The variation of $V_s$ at a given power ($P = 12\ \textrm {W}$) and different pressures, $p = 15$, 30 and 50 Pa with the magnetic field strength is presented in figure 5(b). The rate of change of $V_s$ is less at higher pressures for $B > 0.05\ \textrm {T}$. It confirms the $V_s$ dependence on the plasma collisionality. Moreover, $V_s$ achieves its maximum value at lower $B$ if the gas pressure is reduced. A similar trend of $V_s$ variation is observed for the different sized magnetic spherical probes in the presence of a $B$-field. The variation of $V_s$ against $B$ for a non-magnetic sphere (bronze) is depicted in figure 5(c). The surface potential shows a similar trend to that of the magnetic sphere (figure 5b) in the presence of a $B$-field. However, the rate of change of $V_s$ for the non-magnetic and magnetic sphere are different at the same discharge conditions.

3.3 Comparison of surface potentials

The $V_s$ data of the magnetic probes and the non-magnetic probe are compared to see the fundamental differences in the charging mechanism in a magnetized plasma. Comparison of $V_s$ for the magnetic and non-magnetic spheres at different $B$-field is depicted in figure 6. We take simultaneous measurements of the floating potential of a pair of spherical probes at a given discharge condition. At the same discharge condition, the floating potential is measured for different pairs of spherical probes with different sizes. It should be noted that the error in $V_f$ measurement is ${<}\pm$2 % and the reference potential ($V_p$) is common for all measurements at similar discharge conditions. This gives almost an accurate trend of the potential difference. In figure 6(a) the surface potential of the bronze probe has been subtracted from the magnetic ones. It is reconstructed from the $V_s$ data for different sized ($r = 1.0\ \textrm {mm}$, 1.25 mm and 1.7 mm) SS and bronze ($r = 1.5\ \textrm {mm}$) probes to compare the size dependence in the presence of the $B$-field.
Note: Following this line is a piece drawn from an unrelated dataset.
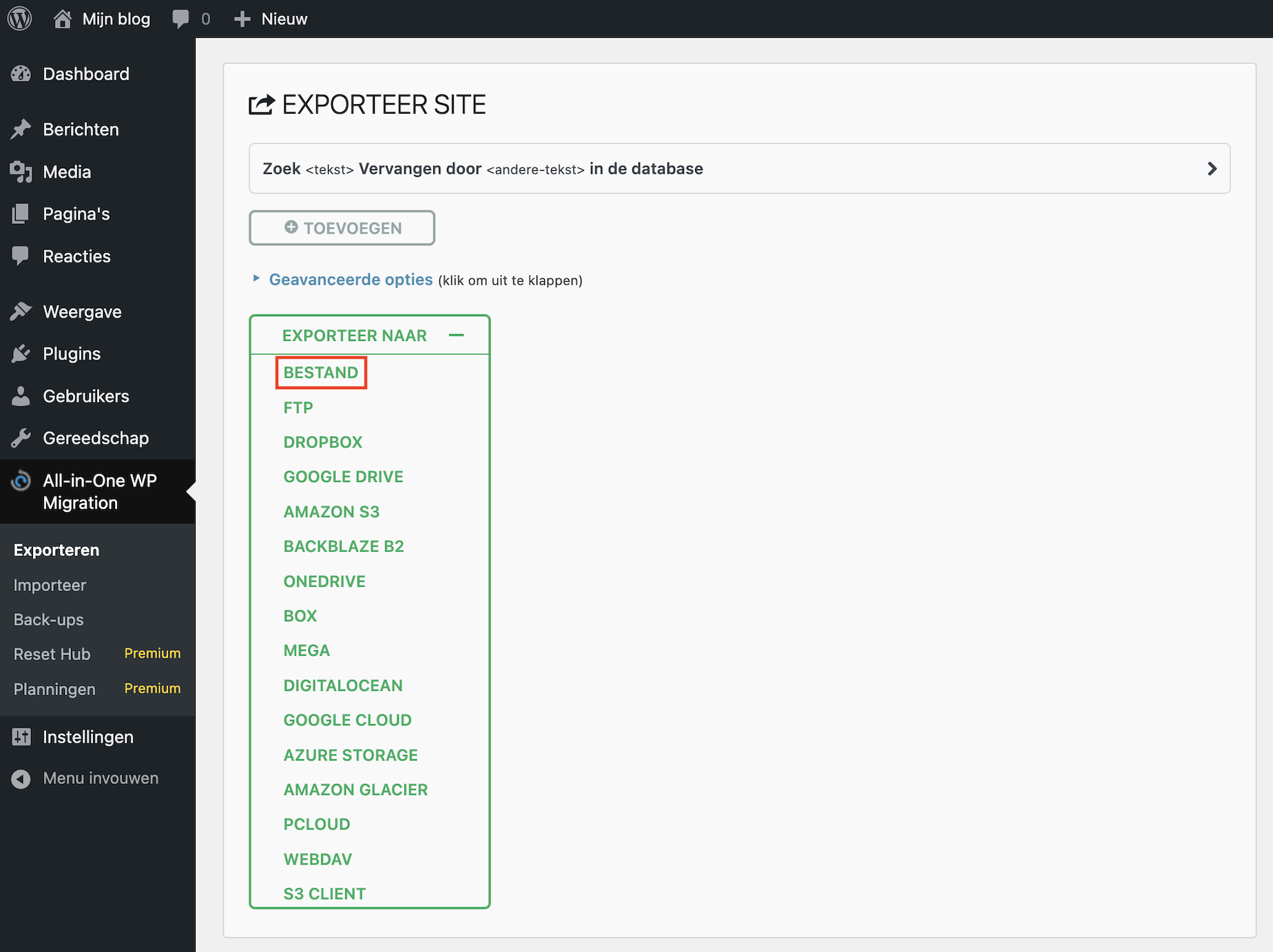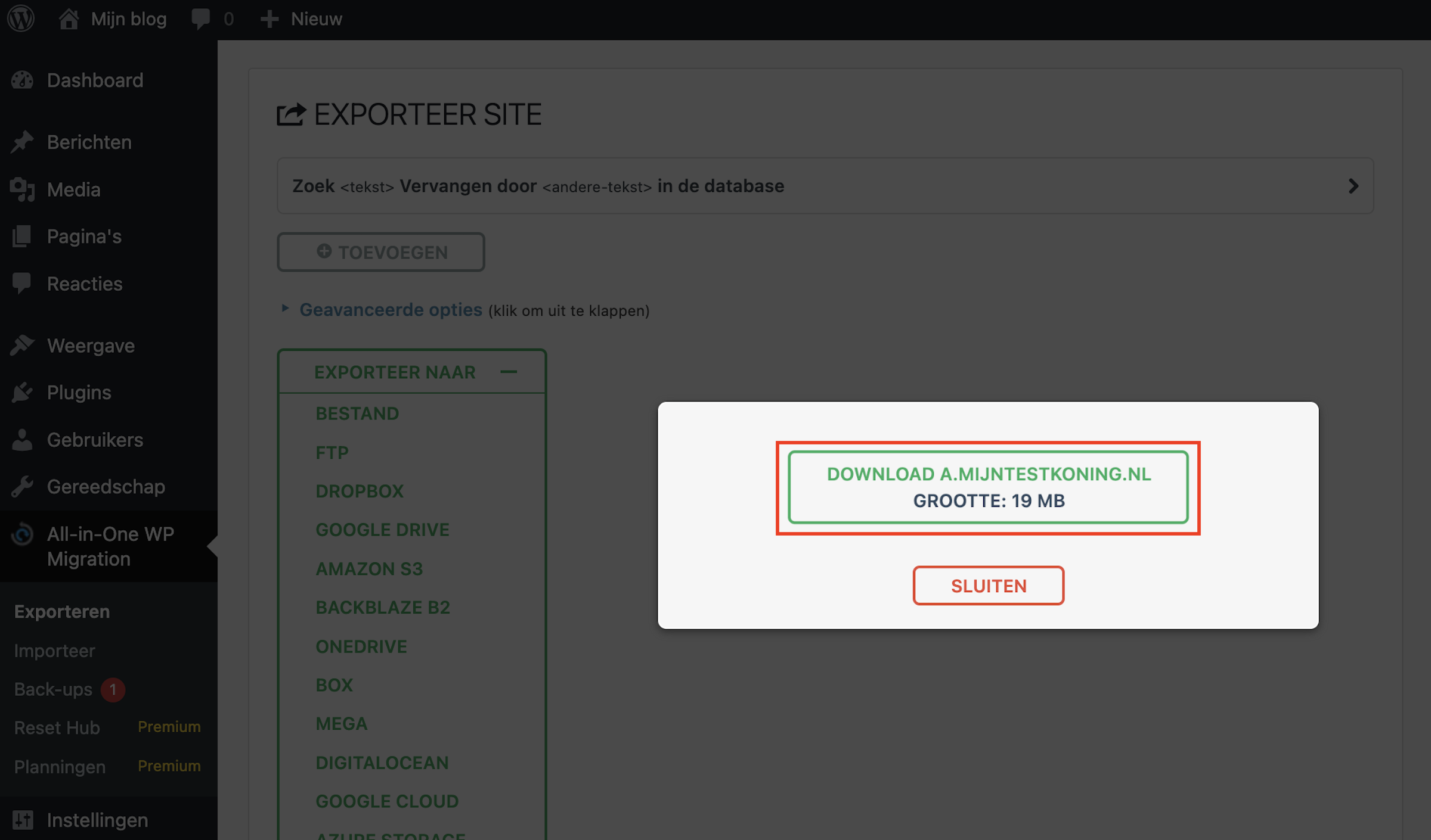 1. Ga naar All-in-One WP Migration in het WordPress-menu aan de linkerkant, druk op Exporteren.

It is clear from figure 6(a) that the smaller sized magnetic sphere (e.g. $r = 1\ \textrm {mm}$) has a higher value of $V_s$ than the non-magnetic sphere (e.g. $r = 1.5\ \textrm {mm}$) above $B > 0.03\ \textrm {T}$. This difference in $V_s$ increases with increasing $B$-field. It means that equally sized magnetic and non-magnetic spherical objects or dust grains have different charges in a magnetized rf discharge. Figure 6(b) compares the surface potential of the different sized magnetic spheres to see the role of the $B$-field in the determination of $V_s$. It is seen in figure 6(b) that the difference in $V_s$ for different sized magnetic probes decreases with increasing magnetic field and remains almost constant at higher $B$-field ($B > 0.05\ \textrm {T}$). It shows that $\alpha$ remains almost constant for all sized spherical probes at higher $B$-field, $B > 0.05\ \textrm {T}$. In other words, $V_s$ has a much weaker size dependence in a magnetized rf plasma.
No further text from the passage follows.